La primera novela de Mario Vargas Llosa es, también, la que asienta toda su literatura: aquí nace esa cartografía de las estructuras de poder que años después reconocerá la Academia Sueca y con la que el peruano ajusta cuentas con el Colegio Militar Leoncio Prado. Dos años pasó Vargas Llosa en aquel infierno de códigos militares, violencia gratuita y relaciones de poder y miedo entre esas castas formadas por los jefes, los perros y los esclavos.

“¿En qué momento se había jodido el Perú?”, se pregunta al comienzo del libro Santiago Zavala, “Zavalita”, alter ego nada disimulado de un Vargas Llosa que redobla la ambición para aplicar un microscopio narrativo y literario a la sociedad peruana bajo la dictadura de Manuel Arturo Odría.
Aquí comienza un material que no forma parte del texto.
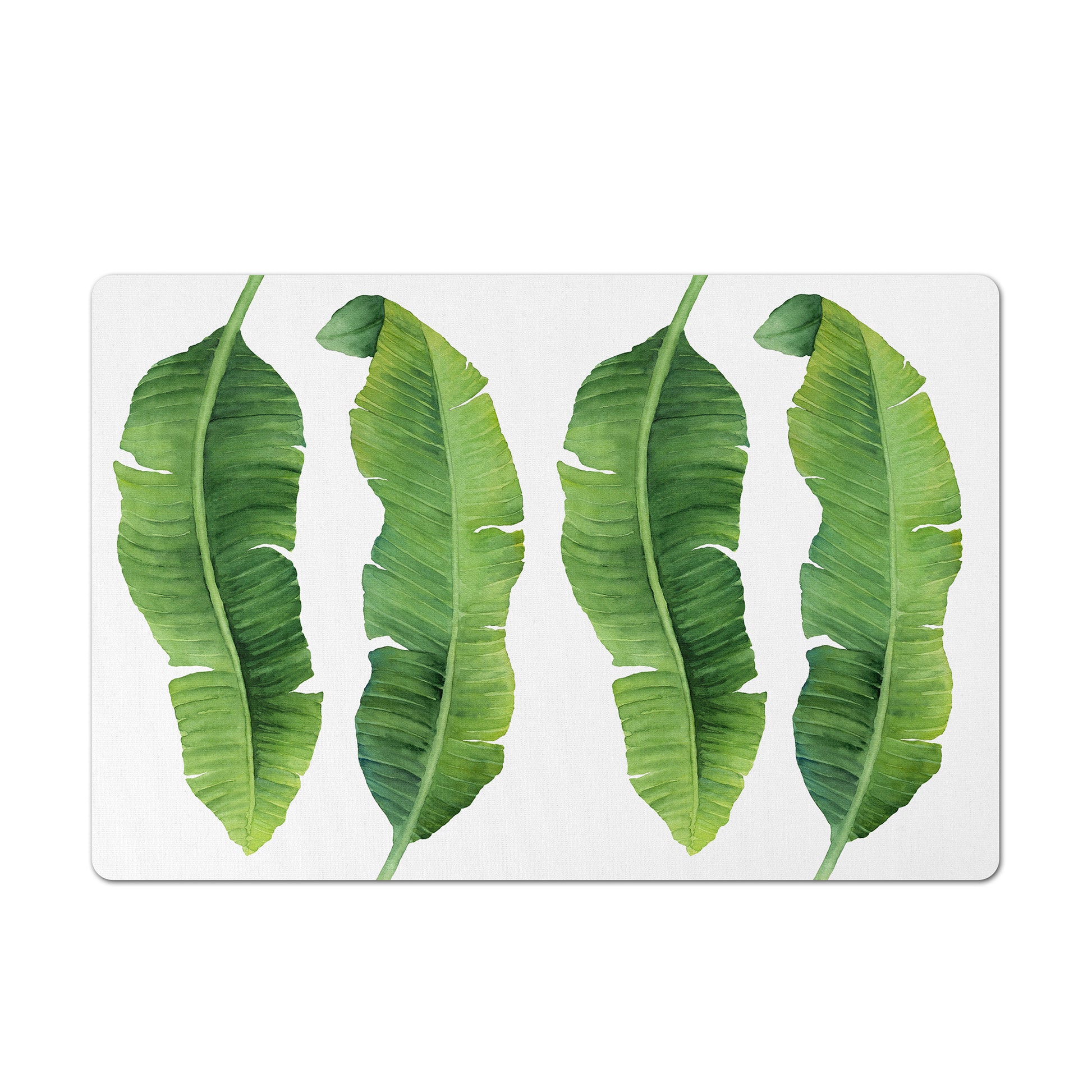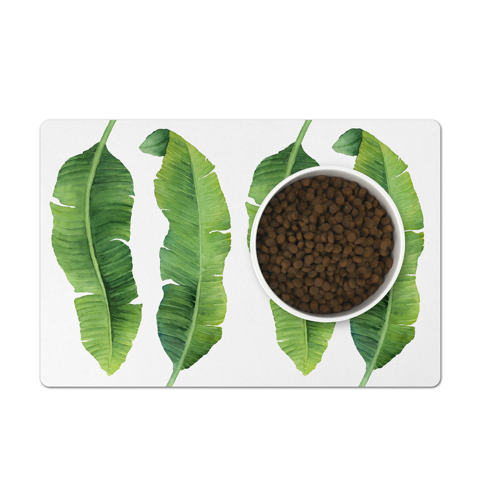 Pet Food Placemat, Green & White, Tropical Banana Leaves, 12" x 18"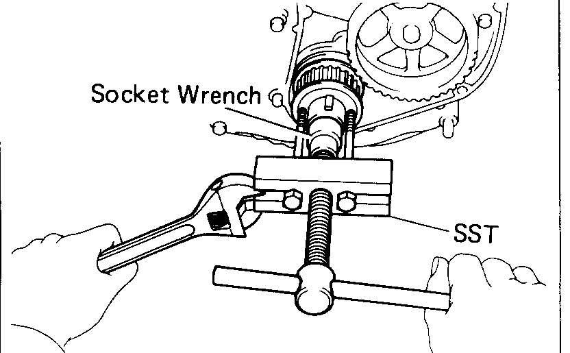 Using SST and socket wrench, remove the crankshaft timing pulley. SST 09213-60017

Otra vez el poder y otra vez la podredumbre moral y la represión política y social campando a sus anchas.

Vargas Llosa apresa en ámbar uno de los episodios fundacionales de su vida amorosa: su relación con la escritora boliviana Julia Urquidi, con quien se casó en 1955. Él tenía 19 años, ella, que era hermana de una tía política del autor por parte materna, 29. Una relación condenada al cataclismo que el peruano recrea aquí con humor y efectividad.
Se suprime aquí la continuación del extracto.